You could put shelves up on the wall for the detergents.
If you keep the top of the washer/dryer clear you could then fold clothes 
on the top of the washer dryer.


----------



## de-nagorg (Feb 23, 2014)

Maybe build a drawer into the area under the stairs to the right of your appliances, to hold your stock.

And a fold down table above the drawer to fold on, then fold it up out of the way. A shelf or two above the set, careful that you leave yourself enough headroom. With your cage light suspended under the shelf. 

And a Child security gate built across the front of the set, to slow down any curious tyke. 


ED


----------



## RustNeverSleeps (Sep 26, 2015)

If you were a tall person, I might hang a shelf high above the appliances to hold the cleaning supplies. High enough that a closet rod could be added underneath to hold clothes being placed on hangers as they are removed from the dryer. Leaving the washer or dryer top as a place to fold clothes on. That would be a quick and cheap solution. 

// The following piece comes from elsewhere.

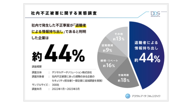 デジタルデータソリューションによると、こうした退職者による情報の持ち出しは非常に多く、同社が2022年から2023年にかけて社内不正被害に遭った企業300社を対象に行なった調査でも、退職者による情報持ち出しは、全社内不正事の44%を占めるなど、ダントツに多かったのだそうだ。
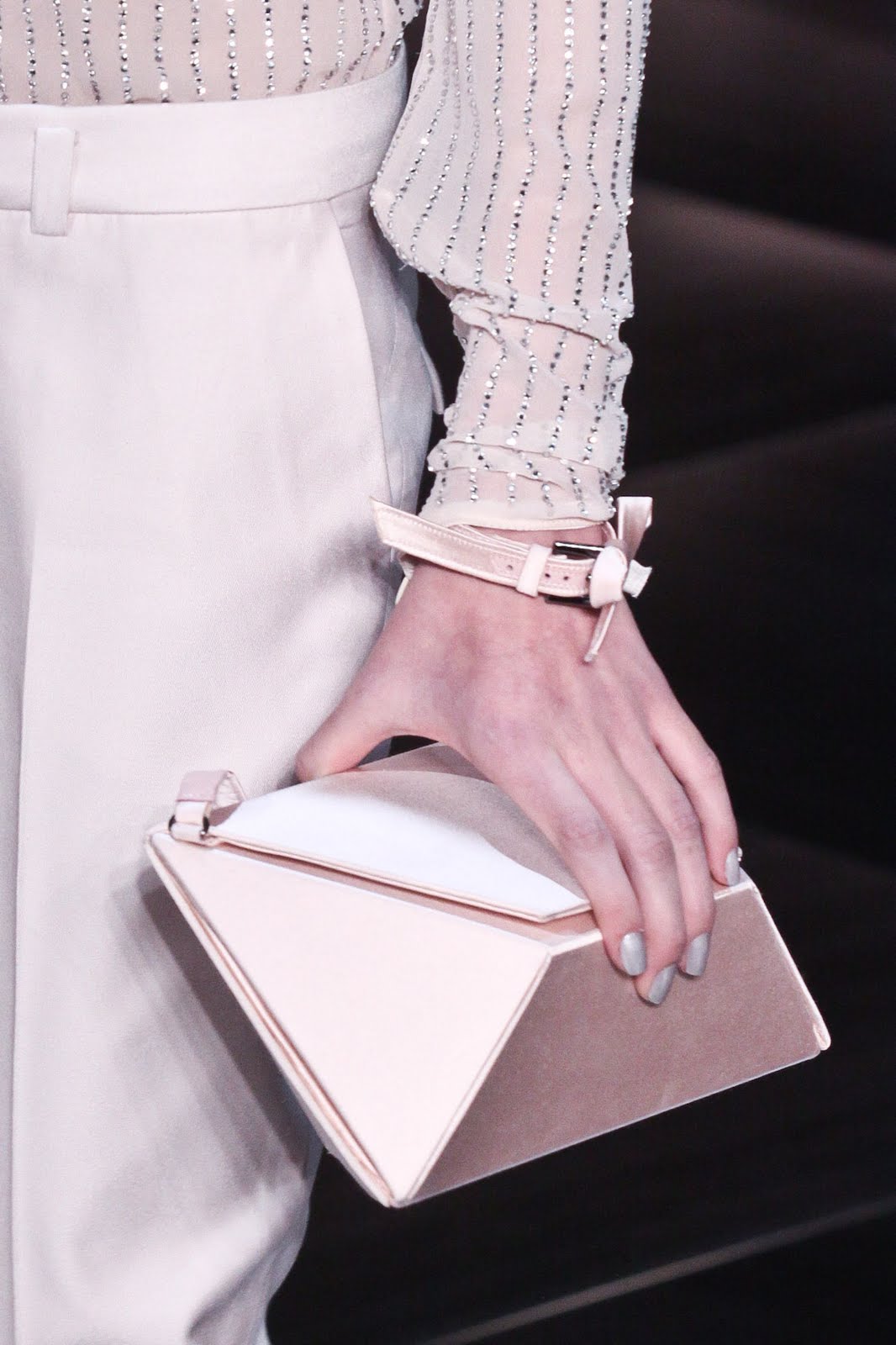 Os materiais usados eram nobres, como cetins, gabardines, couro e organzas foram os escolhidos para as criações dessa coleção, e as cores foram o preto – outra tradição -, off white, quartzo rosa, safira e esmeralda.

Not sure if the door hinges are strong enough or if there is enough depth behind the doors, but I would also consider hanging the ironing board up behind the doors. Making it easier to access. If you did that, it might provide enough room to slide the washer and dryer apart and put a small cubby shelf unit in between appliances to store the cleaning supplies.


----------



## SeniorSitizen (Sep 10, 2012)

You would tire very quickly folding clothes on the washer/dryer because there is no toe relief there. Find another solution as in a folding table even if it has to be in another room.


----------



## gma2rjc (Nov 21, 2008)

You could build a platform underneath the W/D with enough space to store 2 or 3 laundry baskets. You'll find samples of this idea on Pinterest.

www.pinterest.com and do a search for 'laundry room organization'... they have tons of great ideas for almost any laundry area shape or size.

ETA: This guy shows several examples of storage under the W/D. You could make it even more basic than how he does it.....

http://contractorkurt.com/2012/01/04/raised-laundry-platform/









.


----------



## azurafates (Sep 1, 2016)

Here's a pin I found while browsing on Pinterest.

It has almost everything you need, conveniently placed into one single area.

https://www.pinterest.com/pin/106608716158691466/


----------